XNNPACK backend supports sparse inference for CNN models described in the Fast Sparse ConvNets paper. Sparse inference is restricted to subgraphs with the following operators:

  • Sparse subgraph must store its weights in sparse representation (using DENSIFY operators in the TensorFlow Lite schema).
  • Sparse subgraph must start with a 3x3 stride-2 CONV_2D operator with padding 1 on each side, no dilation, and 3 input channels.
  • Sparse subgraph must end with either a MEAN operator with reduction across spatial axes, or a DEPTH_TO_SPACE operator.
  • Sparse subgraph may contain the following operators:
    • CONV_2D with 1x1 kernel and no padding. At least 2/3rd of filter weights in the 1x1 CONV_2D operators across the sparse subgraph must be zeroes to enable sparse inference.
    • DEPTHWISE_CONV_2D with 3x3 kernel, stride 1, no dilation, and padding 1 on each side.
    • DEPTHWISE_CONV_2D with 3x3 kernel, stride 2, no dilation, and padding 1 on each side.
    • DEPTHWISE_CONV_2D with 5x5 kernel, stride 1, no dilation, and padding 2 on each side.
    • DEPTHWISE_CONV_2D with 5x5 kernel, stride 2, no dilation, and padding 2 on each side.
    • RESIZE_BILINEAR operator with output dimensions greater than 1.
    • MEAN operator with reduction across spatial axes.
    • ADD and MUL operators where both inputs are 4D tensors. If one of the inputs to ADD or MUL is a constant tensor, it must be representable as either a scalar, or a 1D vector.
    • Unary elementwise operators ABS, CEIL, ELU, FLOOR, HARD_SWISH, LEAKY_RELU, LOGISTIC, NEG, RELU, RELU6, RELU_N1_TO_1, ROUND, SIGMOID, and SQUARE.

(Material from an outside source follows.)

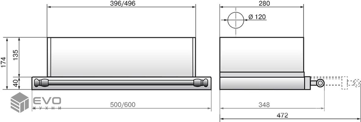 Тип вытяжки : | Встраиваемая (в шкаф) |

Pre-trained Fast Sparse ConvNets models provide examples that satisfy these constrains.

Other limitations

  • Dynamically allocated (with kTfLiteDynamic allocation type) inputs and outputs are not supported.
  • Resizing model inputs (via Interpreter::ResizeInputTensor) is supported, but cause a complete reinitialization of the delegate instance, which has considerable overhead.